I’ve tested the same system setup with a 331.49 driver, which returns 0 correctly.
My small piece of test code:
#include <stdio.h>
#include <dlfcn.h>
int main() {
void *cudalib = dlopen("libcuda.so", RTLD_NOW);
int (*__cuInit)(unsigned int) = (int(*)(unsigned int)) dlsym( cudalib, "cuInit" );
int retval = (*__cuInit)(0);
printf("%d", retval);
}
To test:
gcc -ldl test.c -o test
./test
Hmm, figured the main problem - you always have to run a cuda program as root for once, and afterwards, all cuda programs can be ran as regular user.
Even manually modprobe of nvidia_uvm could not fix this, I still have to run a program (the program above for example) as root once.
Any help will be really appreciated!
I recently updated to 334.21-1 on Arch Linux. Prior to the upgrade, the CUDA 5.5 samples all ran correctly as a normal user. Since the upgrade, deviceQueryDrv emits the following error message:
./deviceQueryDrv Starting...
CUDA Device Query (Driver API) statically linked version
/usr/bin/nvidia-modprobe: unrecognized option: "-u"

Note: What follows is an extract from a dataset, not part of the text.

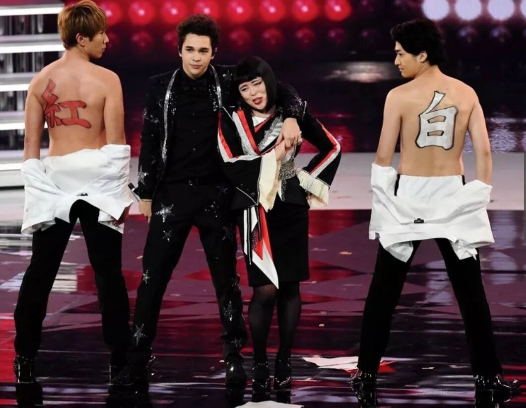 此次红白ブルゾンちえみwith B 和《Dirty Work》原唱者·Austin Mahone带来了最新的段子合作。ブルゾン在新段子中饰演了“从美国来的新闻职场女性”的角色,是专程来报道红白的设定。但是在介绍「日本で一番視聴率を取る番組…」时,不小心吃了螺丝。

ERROR: Invalid commandline, please run `/usr/bin/nvidia-modprobe --help` for usage
information.
cuInit(0) returned 999
-> CUDA_ERROR_UNKNOWN
Result = FAIL
When running deviceQueryDrv as root, I get the following slightly different output:
./deviceQueryDrv Starting...
CUDA Device Query (Driver API) statically linked version
modprobe: FATAL: Module nvidia-uvm not found.
cuInit(0) returned 999
-> CUDA_ERROR_UNKNOWN
Result = FAIL
Of note here is the apparently missing nvidia-uvm kernel module. Other threads in this forum mention that this module is unused - perhaps this changed with 334.21-1?
works without sudo with cuda 6.0 rc
EDIT: runs without root the deviceQueryDrv sample
Just applied for Cuda developer access to get at the RC. I’ll reply back when I try it.
dbtx
6
The reason it works after running as root is root has the right to create a device node. Once it’s created, users can run programs-- but only because by default it’s owned by root, group root, world read/writable… seriously? I’m in Funtoo so I first added nvidia_uvm to /etc/conf.d/modules thus it’s always loaded but the node doesn’t get created. I also have a local script (/etc/local.d/nv_smi_pm.start) where I switch on persistent mode so I added these lines to it:
mknod -m 660 /dev/nvidia-uvm c 249 0
chgrp video /dev/nvidia-uvm
now everything works. I suppose you could write a proper udev rule but I’m not on that.
Update:
I just discovered nvidia-modprobe. If you run it as root:
nvidia-modprobe -c0 -u
it loads the module and creates the node just as it would be auto-created… the --help indicates it was meant to be setuid in order to work for everyone but package maintainers might have other ideas. Those default permissions are terribly DoS-happy.
The device node should really be created by nvidia-uvm module itself. I’ve made a wrong udev rule that works:
KERNEL=="nvidia_uvm", RUN+="/usr/bin/bash -c '/usr/bin/mknod -m 660 /dev/nvidia-uvm c $(grep nvidia-uvm /proc/devices | cut -d \ -f 1) 0; /usr/bin/chgrp video /dev/nvidia-uvm'"
Please, Nvidia, fix this!
I used a similar rule under Ubuntu 14.04, just ran into this after I decided to install driver 337.12 from xorg-edgers.
My first issue was that the kernel 3.12 patch to the uvm module was outdated in the xorg-edgers repo of the driver, so I kept getting a module build error… so I did the changes manually to the file and compiled with:
dkms install -m nvidia-337-uvm/337.12
Next, I realized that I had this issue that CUDA programs work only after sudo… so I tried the rule felixonmars posted, and for me it seems to need the 666 permissions, otherwise I still get the same issue. I also manually add nvidia & nvidia-uvm to /etc/modules and do an rm /dev/nvidia-uvm before I recreate it. I also don’t need the chgrp video line. Also, on Ubuntu 14.04 mknod and chgrp are in /bin, not /usr/bin
Just figured I’d add this here in case someone else is struggling with this…
bmerry
9
For anyone trying to figure out how to fix the patch failure: I just edited /usr/src/nvidia-337-uvm-337.12/dkms.conf and commented out the line
PATCH[0]="buildfix_kernel_3.12.patch"
and then run the dkms comment from comment #8.
I’m running saucy with a 3.11 kernel.